Литмир - Электронная Библиотека
Содержание  
A
A

— Отчего вы не говорите? — обратилась княжна к старому старику, который, облокотившись на палку, стоял перед ней. — Скажи, ежели ты думаешь, что еще что-нибудь нужно. Я всё сделаю, — сказала она, уловив его взгляд. Но он, как будто рассердившись за это, опустил совсем голову и проговорил:

— Чегó соглашаться-то, не нужно нам хлеба.

— Что ж, нам всё бросить-то? Несогласны. Несогласны... Нет нашего согласия. Мы тебя жалеем, и нашего согласия нет. Поезжай сама, одна... — раздалось в толпе с разных сторон. И опять на всех лицах этой толпы показалось одно и то же выражение, и теперь это было уже наверное не выражение любопытства и благодарности, а выражение озлобленной решительности.

— Да вы не поняли верно, — с грустною улыбкой сказала княжна Марья. — Отчего вы не хотите ехать? Я обещаю поселить вас, кормить. А здесь неприятель разорит вас... — Но голос ее заглушали голоса толпы.

— Нет нашего согласия, пускай разоряет! Не берем твоего хлеба, нет согласия нашего!

Княжна Марья старалась уловить опять чей-нибудь взгляд из толпы, но ни один взгляд не был устремлен на нее; глаза очевидно избегали ее. Ей стало странно и неловко.

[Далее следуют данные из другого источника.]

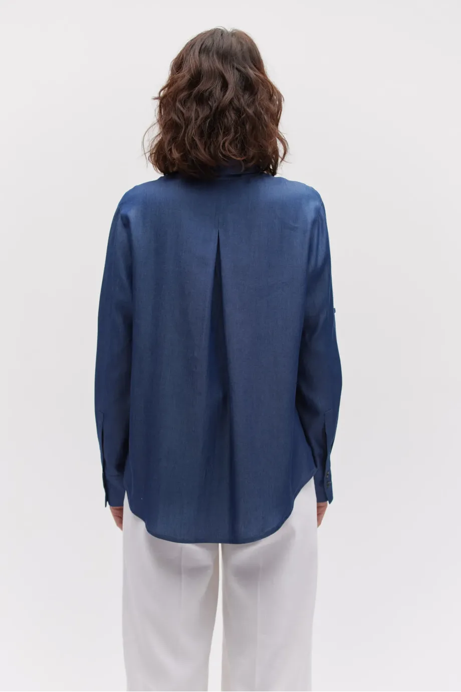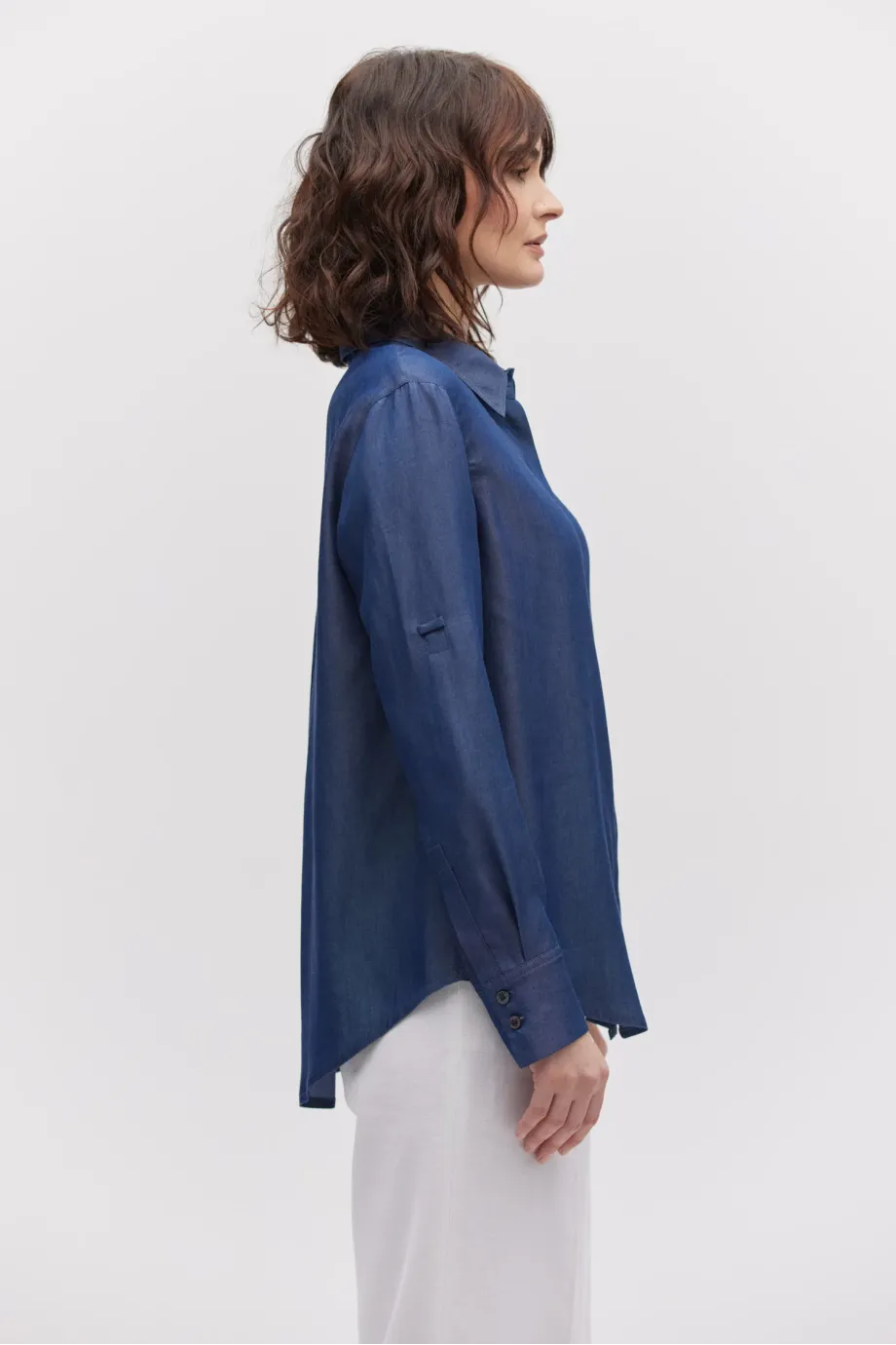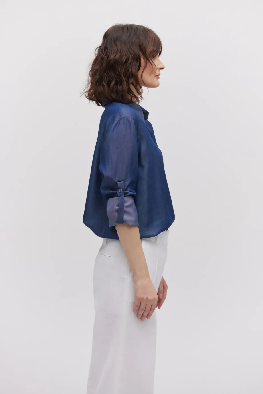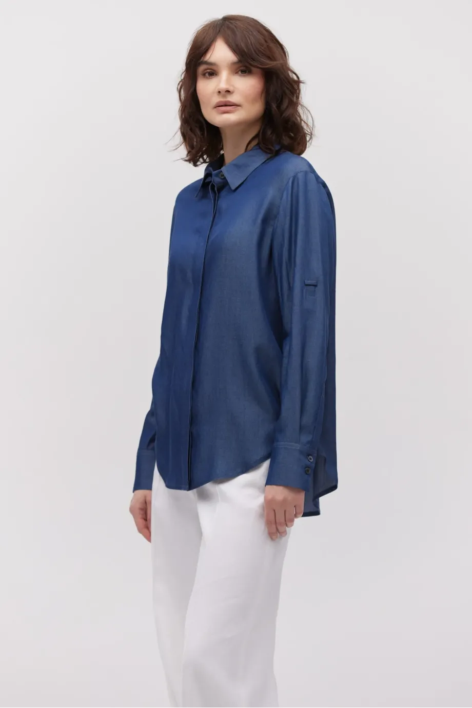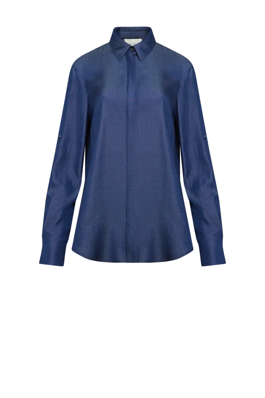 Klassischer Kragen, gerade Form und verdeckter Knopfverschluss.

— Вишь, научила ловко, за ней в крепость поди! Дома разори, да в кабалу и ступай. Как же? Я хлеб, мол, отдам! — слышались голоса в толпе.

Княжна Марья, опустив голову, вышла из круга и пошла в дом. Повторив Дрону приказание о том, чтобы завтра были лошади для отъезда, она ушла в свою комнату и осталась одна с своими мыслями.

XII.

Долго эту ночь княжна Марья сидела у открытого окна в своей комнате, прислушиваясь к звукам говора мужиков, доносившегося с деревни, но она не думала о них. Она чувствовала, что, сколько бы она ни думала о них, она не могла бы понять их. Она думала всё об одном — о своем горе, которое теперь, после перерыва, произведенного заботами о настоящем, уже сделалось для нее прошедшим. Она теперь уже могла вспоминать, могла плакать и могла молиться. С заходом солнца ветер затих. Ночь была тихая и свежая. В 12-м часу голоса стали затихать, пропел петух, из-за лип стала выходить полная луна, поднялся свежий, белый туман-роса, и над деревней и над домом воцарилась тишина.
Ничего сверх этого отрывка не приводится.